Profile of Hannah Darabi

IMA, Vol. 31, Spring 2020

For IMA magazine’s “Collector’s Eye” column, I wrote a profile of Hannah Darabi and her collection of Iranian photo-books focusing on the Revolution.


In recent years the increased recognition of the photobook’s role in the development of twentieth century photography has led to a number of “books on books”—anthologies that explore the photobooks of a particular country and era. In 2018, the Iranian artist Hannah Darabi published a book exploring the books produced during the Iranian Revolution* and its immediate aftermath. While Darabi’s book, Enghelab Street, a Revolution through Books: Iran 1979–1983 (Le Bal/Spector Books, 2018), seems on first glance to belong to the growing “book on books” genre, it was conceived in an altogether different way. 

Darabi has been based in Paris since 2007 but was born and raised in Tehran where she studied photography from 2001 to 2005. When we met in her studio and apartment in northwest Paris, she explained, “As an artist I’m very interested in the photobook and the artist book as a medium.” In her artistic practice, Darabi frequently combines her own photographs with other materials including postcards, documents, film stills and images from different publications. This interest in using documents and archival materials is at the root of her collection.

“In 2014–15 I was doing a project on the city of Tehran,” she recalls, “and I used to go to second-hand bookshops to find material.” This is how Darabi found the first photobook that gave her the idea to build a collection of Iranian photobooks from the era of the Iranian Revolution: Shahrokh Hatami’s Allah Akbar documenting the Ayatollah Khomeini’s rise to power. 

Leafing through its pages, it was clear to Darabi that the person who made this book “had a real understanding of the possibilities of the photobook.” She thought to herself, “where there is one, there must be more,” and began to search for other photobooks from the period. “I began with an interest and curiosity for photobooks and the way they were made,” she recalls, “but because this was the era of the Revolution and the Iran–Iraq War, photographers were obsessed by these two subjects.” As a result the books in the collection almost exclusively focus on the Revolution and the ensuing war.

She began to acquire books in her native city of Tehran. “I wanted the books to come specifically from Iran,” she told me, “because they represent traces of the revolution which are still there in Iran.” But her search proved to be difficult. Although she was a student during the relatively open reformist period of the early 2000s, she says “I don’t remember ever seeing an Iranian photobook at that time. So, in my mind, there were none.” There were very limited reference materials or libraries cataloguing these publications and many of the photobooks had disappeared in the many years of war and censorship following the Revolution. Despite large print runs—one book, Days of Blood, Days of Fire (1979), was printed in two editions totalling over 30,000 copies—most of these books are now incredibly hard to find. 

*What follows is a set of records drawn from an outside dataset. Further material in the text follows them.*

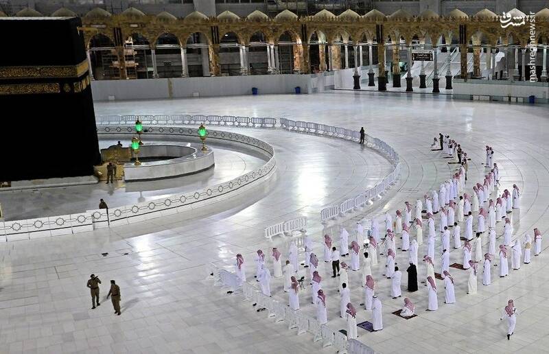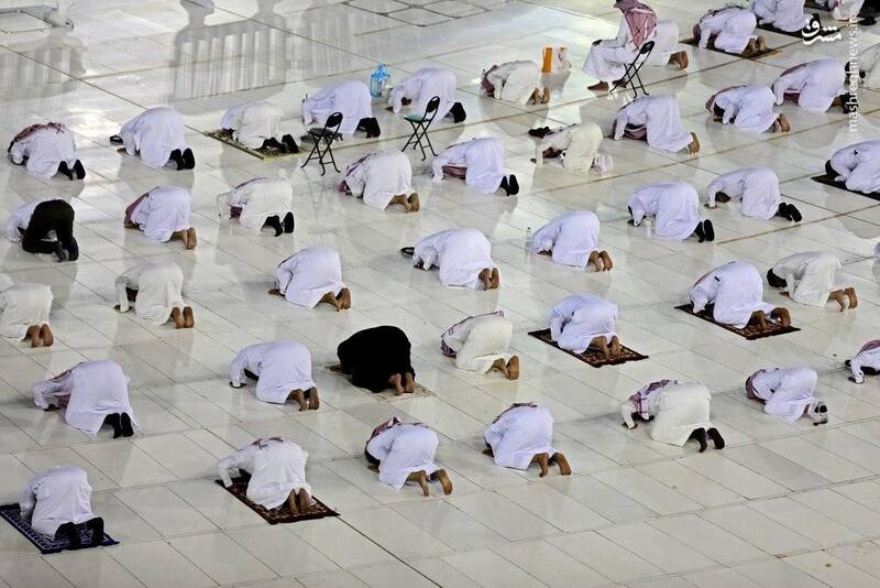 عکس/ نماز در کنار کعبه با حفظ فاصله اجتماعی
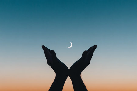 Silhouetted hands towards reach a delicate crescent moon, set against a stunning gradient sky at dusk. Warm colors blend into deep blues, showcasing a serene moment of connection.
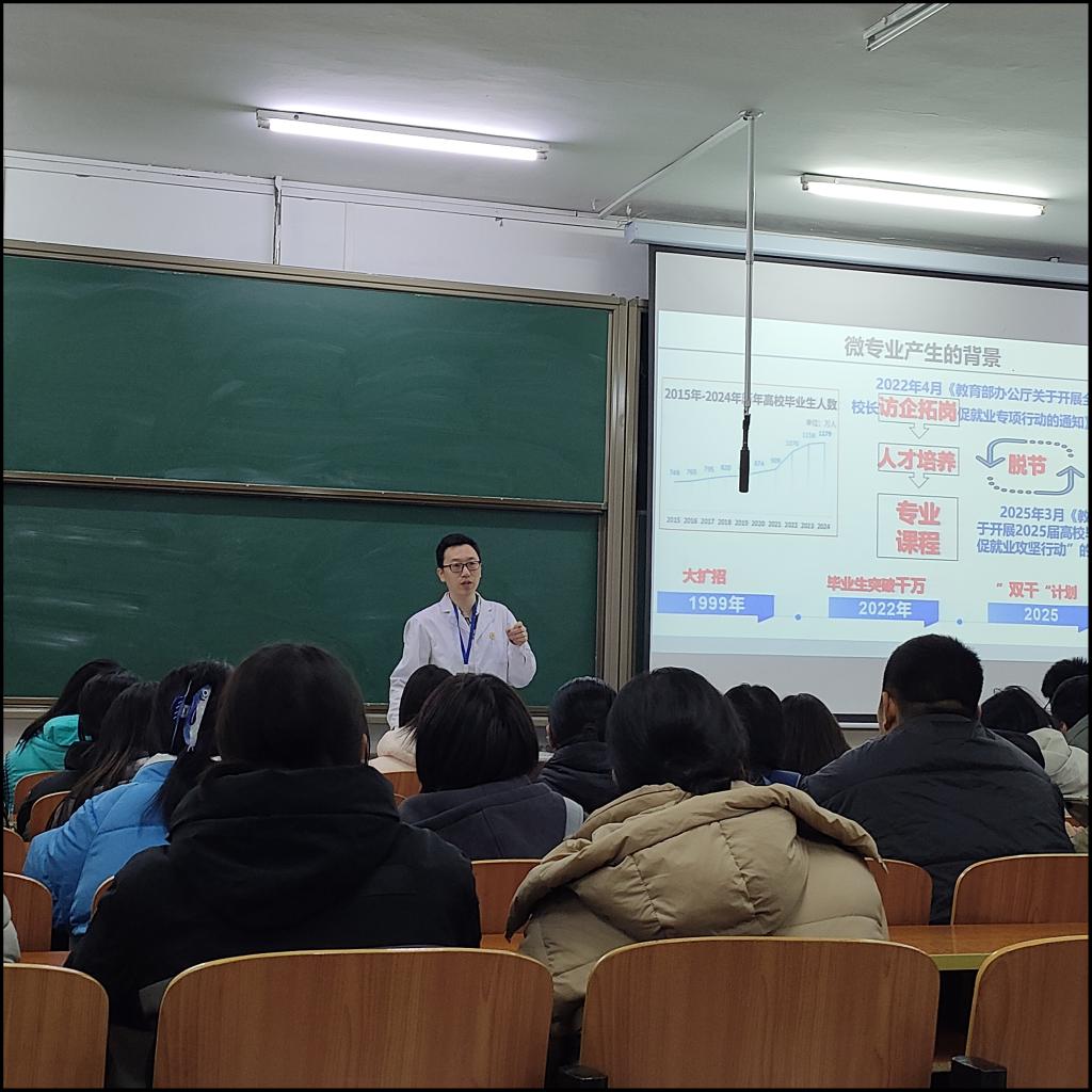 2025年11月,参与组织了微专业宣讲会,向学生详细介绍微专业的培养目标与就业前景,提升了学生对新兴交叉学科的认知度,展现了其致力于提升学生综合素养的教育情怀。并基于数智化的《集中实践》课程教学创新实践典型案例,刊登在2024-2025学年专业实践学期教学简报。
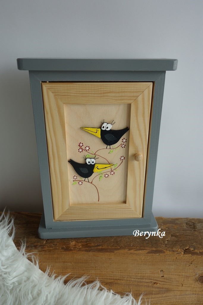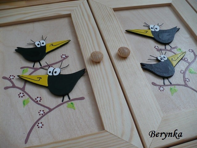 - ptáčci jsou ručně vyřezaní z překližky a na skříňce nalepení

Darabi eventually met Alireza Ferdowsi Zadeh, a young Iranian man who was a follower of Khomeini and who collected books on the Revolution and the Iran–Iraq War and who helped her to discover a number of books.

Her motivation for building this collection was clear: “I had been taught the history of this time in a very fragmented, biased way in school. I would hear different versions of this history from my parents, my friend’s parents and later on in books published in Europe or in the United States. My desire was to develop my understanding of the history of the Iranian Revolution as a child of the post-revolutionary period.” 

As an artist who has a particular interest in the photobook, Darabi saw the collection as raw material for an artistic project. “I wanted to create an artwork which would represent my perspective as an artist of the post-revolutionary era.” The project became the book Enghelab Street—Enghelab (Revolution) Street is located in the center of Tehran and is an important cultural area with many bookshops.

Enghelab Street features around eighty books from Darabi’s collection structured in two parts: 38 photobooks from the Revolution and its aftermath, from independently produced books to government propaganda publications; followed by a selection of “white covers”, illicit publications (from political books to foreign novels) produced by small, independent publishing houses. 

Darabi decided to provide visuals and information on each book but also to integrate them and the imagery they contain into a broader visual context in a final chapter entitled Reconstructions. “For me each book is a moment of the history of the revolution,” she explains, “so I chose one spread from each book from which to tell the history of the revolution. Each of these spreads communicates with another image (postcards, images from films I saw growing up in Teheran…).”

Enghelab Street received both the Arles Historic Photo Book Award and the Paris Photo - Aperture Foundation Photography Catalogue of the Year Award in 2019 and Darabi now considers her artistic project on the collection to be finished. But she continues to search for books to add to her collection which provides a unique perspective on this turning point in her country’s history.


* The Iranian Revolution of 1978–79 was a series of events that led to the government of Mohammad Reza Pahlavi, the last monarch of Iran, being overthrown and replaced with an Islamic republic under the Ayatollah Khomeini in February 1979.